The business of software

When Executives Code


What would you do if you believed your company was in the business of manufacturing, or marketing, or services, and you woke one day up to find you are really in the business of software?

"We are at the point where the hardware in our systems is OEM'd, the devices are assembled in China, and distribution and support are outsourced. What we do is design the system and write the software that goes in it." This observation, by a senior executive at a U.S. electronics company, is becoming common. People who have grown up in manufacturing have a gut-level understanding of what a manufacturing business needs. Executives who have come up through the ranks of marketing know how a marketing company works. Senior managers who were once field managers for a service company are well aware of the needs of a service organization. But what happens when what you do is software, and you've never done software?
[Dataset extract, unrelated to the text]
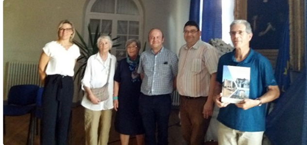
Une belle histoire de Moulins

We are increasingly moving into the knowledge economy described by management guru Peter Drucker [3]. But if the critical asset of the present and future is knowledge, where are we going to keep it? If Drucker is correct, and he usually is, this asset must be created, stored, used, built upon, and carefully protected. Of the five knowledge storage media available to us [2], only one—software—has the necessary attributes of persistence, manageability, and executability that can qualify it as a truly viable corporate knowledge asset repository. Arguably, a primary duty of any corporate executive is the responsible management of corporate assets. Ergo, one of the most important jobs of any executive in a modern organization must be the husbanding of the software resource. But this is by no means a universally acknowledged responsibility. Some companies and some executives, however, are starting to realize that, not only is managing software important, it is what they do.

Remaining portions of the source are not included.